▶ **Stored data**:
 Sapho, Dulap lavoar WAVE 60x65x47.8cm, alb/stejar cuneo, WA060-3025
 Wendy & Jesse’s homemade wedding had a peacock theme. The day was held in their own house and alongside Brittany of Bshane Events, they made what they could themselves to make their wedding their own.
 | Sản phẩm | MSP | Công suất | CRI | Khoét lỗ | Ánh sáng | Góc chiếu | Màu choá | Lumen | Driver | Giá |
...
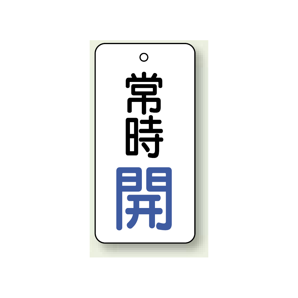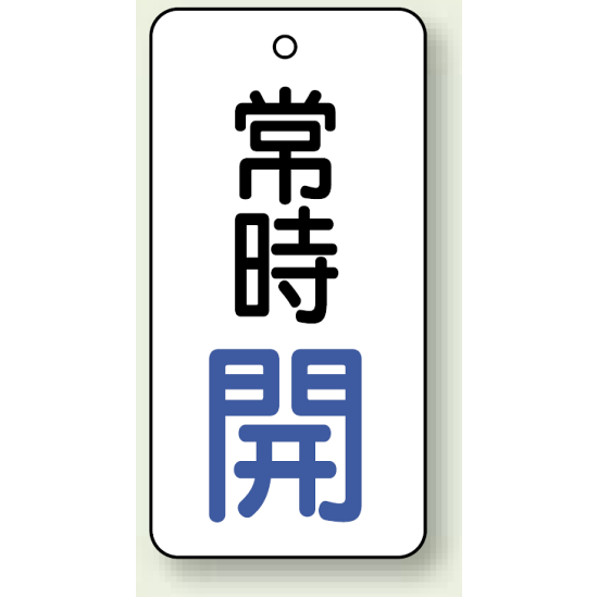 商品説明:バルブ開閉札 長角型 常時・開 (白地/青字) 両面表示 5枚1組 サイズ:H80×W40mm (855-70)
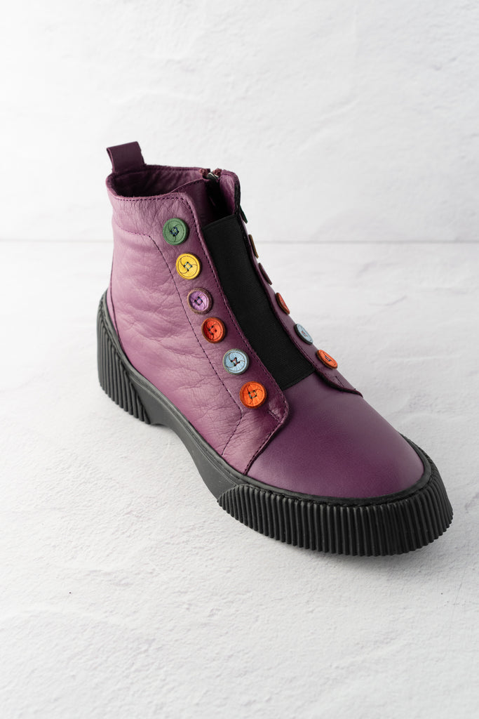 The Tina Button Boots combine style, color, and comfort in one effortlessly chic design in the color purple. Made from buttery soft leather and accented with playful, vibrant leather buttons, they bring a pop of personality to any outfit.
==
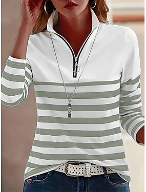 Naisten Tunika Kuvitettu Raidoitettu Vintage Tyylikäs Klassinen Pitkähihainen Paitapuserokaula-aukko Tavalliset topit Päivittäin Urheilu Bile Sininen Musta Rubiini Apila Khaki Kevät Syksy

▶ **Exercise brief**: Everything above from the line containing "商品説明:バルブ開閉札 長角型 常時・開" through the line containing "The Tina Button" must be repeated exactly, and the pictures must be left out.

▶ **Written reply**:
 商品説明:バルブ開閉札 長角型 常時・開 (白地/青字) 両面表示 5枚1組 サイズ:H80×W40mm (855-70)
 The Tina Button Boots combine style, color, and comfort in one effortlessly chic design in the color purple. Made from buttery soft leather and accented with playful, vibrant leather buttons, they bring a pop of personality to any outfit.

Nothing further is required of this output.